Quote:
Originally Posted by Jobbo
I came up with my own higher precision version in 40bytes. Not sure if anyone can spot some extra size optimizations, it's late here!
|
I was experimenting with Bhaskara's algorithm today, and with a 64-bit div it could *almost* be done in 32 bytes (it still overflows at +/-pi).
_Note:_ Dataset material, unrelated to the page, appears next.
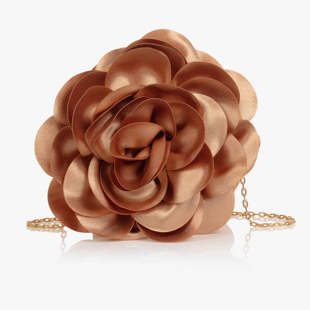 Exclusive to Childrensalon, beautiful gold shoulder bag for girls from Spanish brand Graci, made from layers of silky smooth satin for the effect of petals. This stunning bag has a fixed gold chain strap adding glamour to the overall look, and the compartment secures closed with easy-to-use velcro.

It works with rather large numbers (when you include 16384 amplitude and 1024 table size)
.
Divisor includes 5*pi^2, and with pi being 512 this is then 327680. Swap does no good (kills precision), numbers have to be further divided by >5, so 8. And then I remembered your code, 40960 and those crazy shifts.
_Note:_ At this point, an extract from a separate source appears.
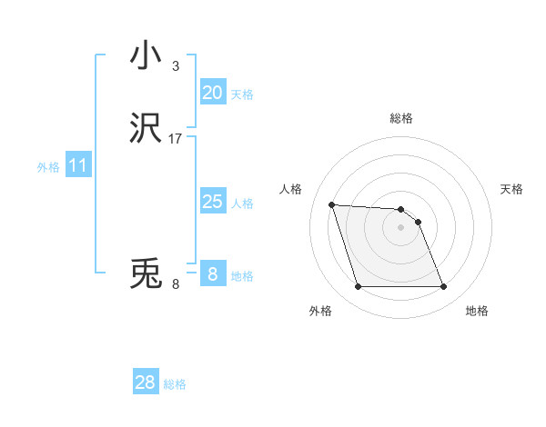 小沢 兎さんの総格は28画の1点!

So I've integrated 2 optimizations into your code and it's 38 bytes now:
- first opt is what I said in my previous post (replace multiplication with a1 increments), which then enables
- second opt is that you can replace 40960-a*b with a counter that starts at 40960 (actually 327680=5*65536 pre-shift) and then decrease it by the same amount you increase a*b (which is a1)
Code:
moveq #0,d0
moveq #5,d1
swap d1
move.w #511+2,a1
.loop move.l d0,d3
move.l d1,d2
lsl.l #8,d3
lsl.l #8-3,d3
lsr.l #3,d2
divu.w d2,d3
move.w d3,(a0)+
neg.w d3
move.w d3,(1022,a0)
subq.l #2,a1
sub.l a1,d1
add.l a1,d0
bne.b .loop